**Problem requirements**
Repeat exactly the stretch of lines that starts with the one containing "Carved seating on" and ends with the last line of the material. Leave out pictures.

Start of Material provided

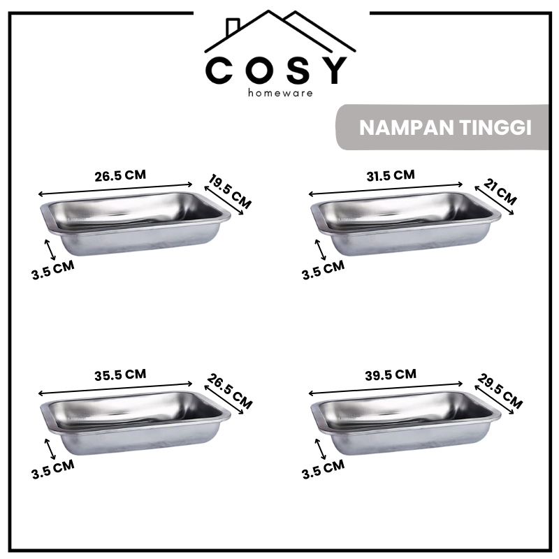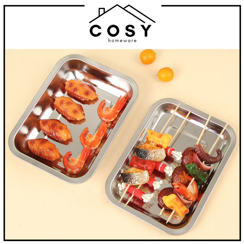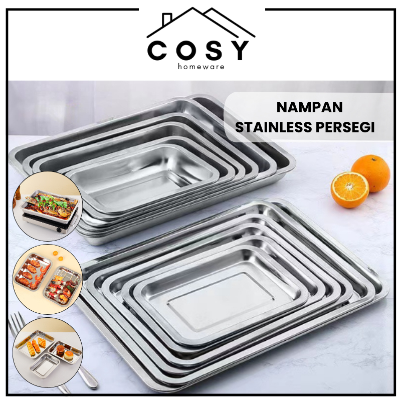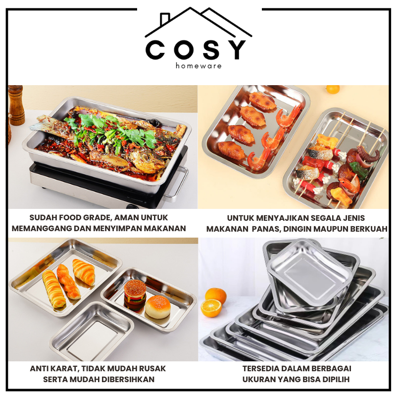 COSY Nampan Stainless Persegi / Nampan Peniris Minyak / Baking Tray Stainless / Nampan Baki Saji Tatakan Stainless Kotak Anti Karat
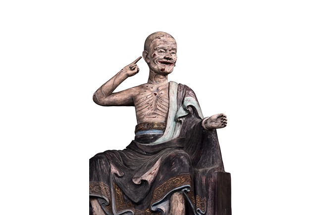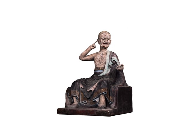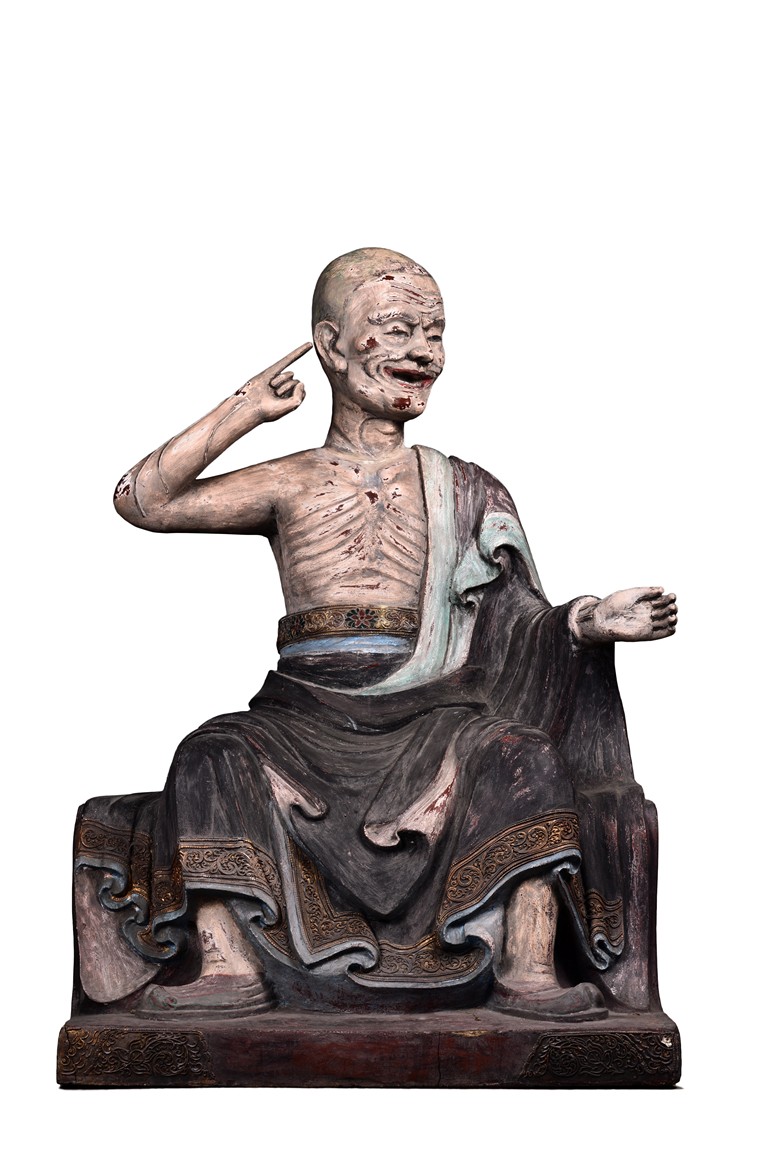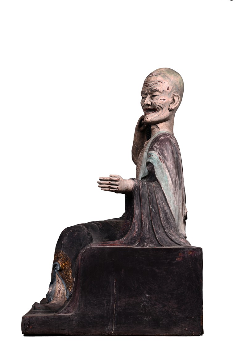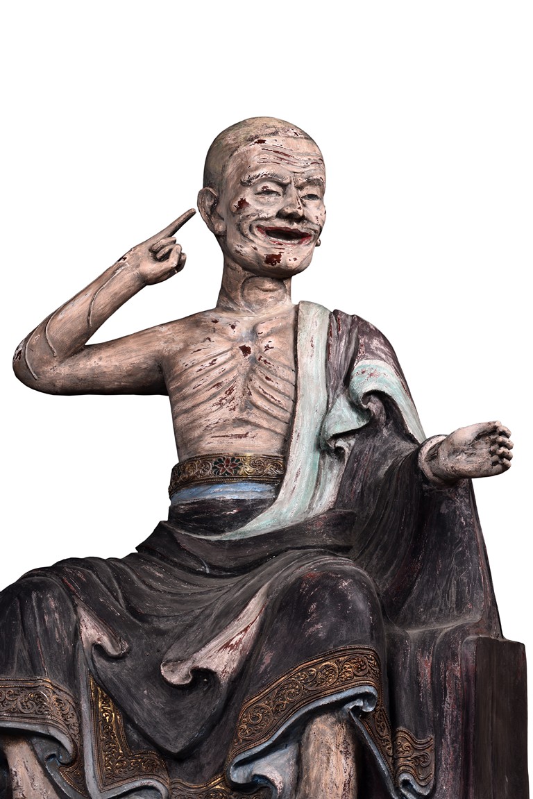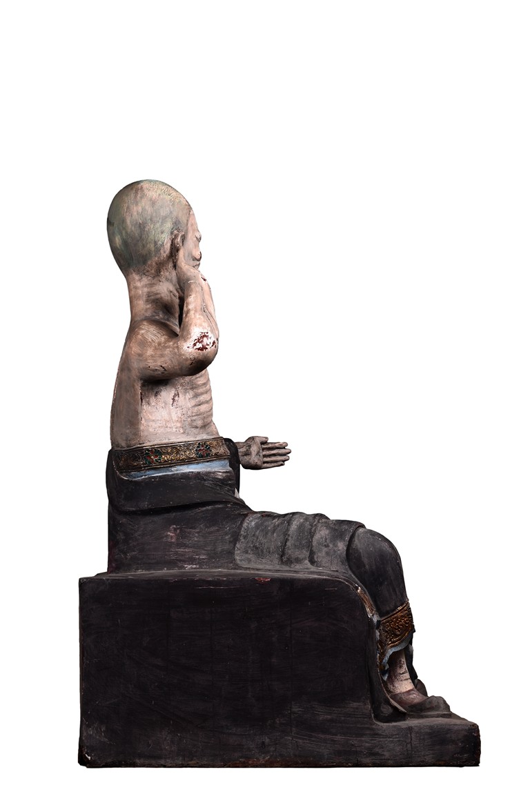 Carved seating on a plinth, right hand raised with little finger pointing to right ear, wearing black painted robe, with bare right shoulder and chest revealing skeletal rib cage, the hems decorated in gilt with scroll pattern, the face with smiling expression. Republic period.
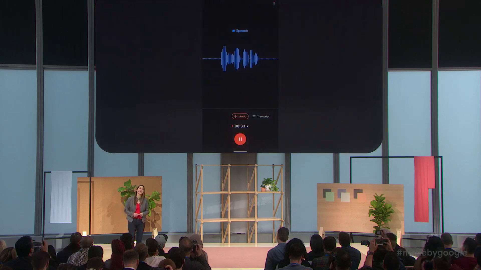 บนเวทีตอนเปิดตัว มีการสาธิตการใช้งานของแอปดังกล่าว ซึ่งสามารถแปลงเสียงเป็นข้อความได้แบบ Real Time เมื่อบันทึกแล้ว สามารถค้นหาคำที่พูดในไฟล์เสียงได้ พร้อมกับมาร์กช่วงเวลาดังกล่าวในไฟล์เสียง ที่จะทำให้กลับไปทบทวนได้ง่ายดาย

End of Material provided

**Response**
 Carved seating on a plinth, right hand raised with little finger pointing to right ear, wearing black painted robe, with bare right shoulder and chest revealing skeletal rib cage, the hems decorated in gilt with scroll pattern, the face with smiling expression. Republic period.
 บนเวทีตอนเปิดตัว มีการสาธิตการใช้งานของแอปดังกล่าว ซึ่งสามารถแปลงเสียงเป็นข้อความได้แบบ Real Time เมื่อบันทึกแล้ว สามารถค้นหาคำที่พูดในไฟล์เสียงได้ พร้อมกับมาร์กช่วงเวลาดังกล่าวในไฟล์เสียง ที่จะทำให้กลับไปทบทวนได้ง่ายดาย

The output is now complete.